Whole Genome Sequencing

Physician can choose from various options of whole genome sequencing, with singleton, duo or trio sequencing & clinical interpretation

  • With its U.S., U.K. and Israeli technology partners, Rainbow offers whole genome sequencing coupled with a 1.6Kb high-resolution microarray as a standard test approach.

    • This initial test determines challenging mutations including copy number variants and large structural genetic changes.

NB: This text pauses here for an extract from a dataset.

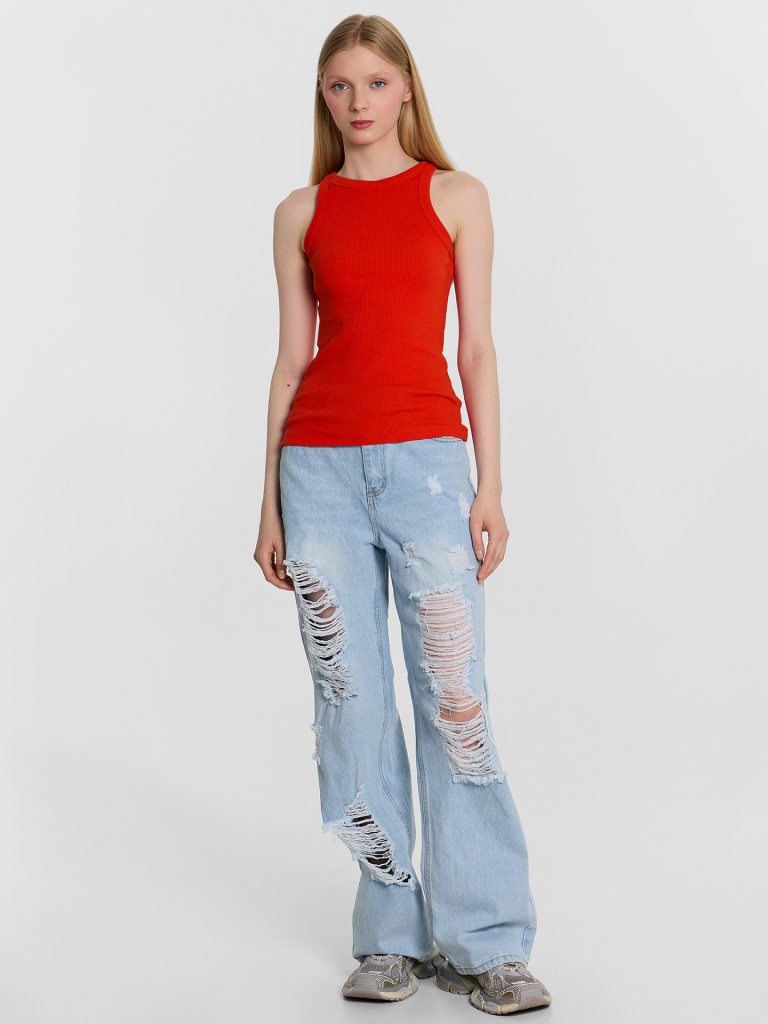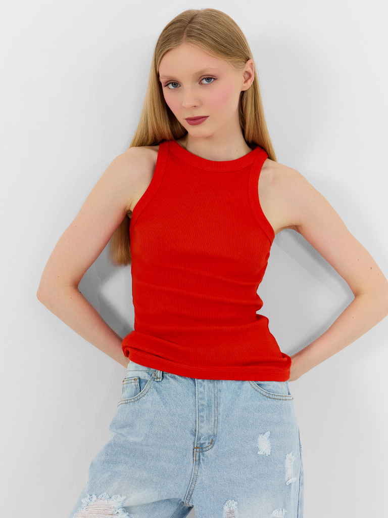 Стильный топ из трикотажной рибаны с фактурой в рубчик — прекрасный выбор для создания универсальных и элегантных образов! Прилегающий силуэт подчеркивает фигуру, а длина до линии бедер делает модель удобной и подходящей для любой ситуации. Округлый вырез добавляет классической простоты и изящества, что позволяет легко сочетать топ как с повседневными джинсами, так и с нарядными юбками. Материал из трикотажной рибаны отличается мягкостью, эластичностью и комфортом, оставаясь при этом стильным благодаря текстуре в рубчик. Такой топ станет базовым элементом гардероба, который идеально впишется в любую комбинацию, от делового до спортивного или вечернего наряда! Настоящий must-have для стильных и практичных решений.

    • RNA sequencing and Sanger sequencing with compelling informatics tools are used to determine variants not readily confirmed by whole genome sequencing alone, including intronic, mosaic and splice variants.

    • Long-read sequencing platforms are also used to further validate complex copy number variants.

    • The combination of these technologies enables the confirmation of novel variants detected in Asians and other minority populations, often without prior evidence from any international databases. Timely diagnosis can be achieved without lengthy sequential testing, a process often used by local hospitals.

Bioinformatics & Clinical Interpretation

  • Multiple pipelines and interpretation platforms, including a range of analytics are used to improve the entire analysis and clinical interpretation process:

    • Advanced algorithms

    • Artificial intelligence

    • Natural language processors

    • Automated variant classification tools

Test Descriptions

  • Clinical whole genome sequencing is performed at a U.S. CAP-accredited and CLIA-certified Laboratory

Diagnostic Test Report

  • This is a diagnostic analysis based on the child's symptoms and family history

  • Rainbow's Triple Clinical Interpretation Analysis will be performed by experts in the U.S. and Japan

    • Duplication, insertion, deletion and single-nucleotide variants will be analyzed

    • Copy Number Variation (CNV) report including chromosomal aneuploidies, microdeletions and microduplications at >30kb resolution can also be ordered by the physician. The report content is similar to that obtained from Clinical Microarray (CMA) testing

  • If the High Resolution Microarray (1.6Kb) is used, multi-gene and small CNVs detected by whole genome sequencing will also be confirmed orthogonally

  • If whole genome sequencing is used, structural variants (SV) will also be analyzed

  • Trio sequencing available - de novo mutations will be reported using trio analysis

  • Rainbow may use additional sequencing methods, including RNA and Sanger sequencing to further confirm intronic and mosaic mutations, and splice variants

Incidental Finding & Health Screening Test report

  • This test preemptively determines the risks of developing over 1000 childhood on-set diseases

  • The test approach is modeled after the BabySeq project implemented at the Boston Children's Hospital & Harvard Medical School in the U.S.

  • Clinical interpretation using over 1600 genes associated with over 1000 childhood-onset disorders

Is This Test Right For Your Child?

If you or your family members already have symptoms of Mendelian or monogenic disorders, medical experts recommend genetic testing for you.

These tests may be suitable for patients who have had evaluations consisting of microarray-based, single-gene or panel-based genetic tests without identifying an etiology or obtaining a diagnosis.

Physicians may prefer to order a whole genome sequencing test early in the patient's evaluation to expedite a possible diagnosis, without going through time-consuming biochemical, microarray-based, single-gene or panel-based genetic testing.

References

Patients will be referred to physician-specialists with substantial clinical genetic experience for pre- and post-test consultation and care.

Our collaborating clinicians include neurologists, pediatric complex-disorder specialists, emergency neonatal physicians, behavioral and psycho-developmental specialists, and rare disease specialists.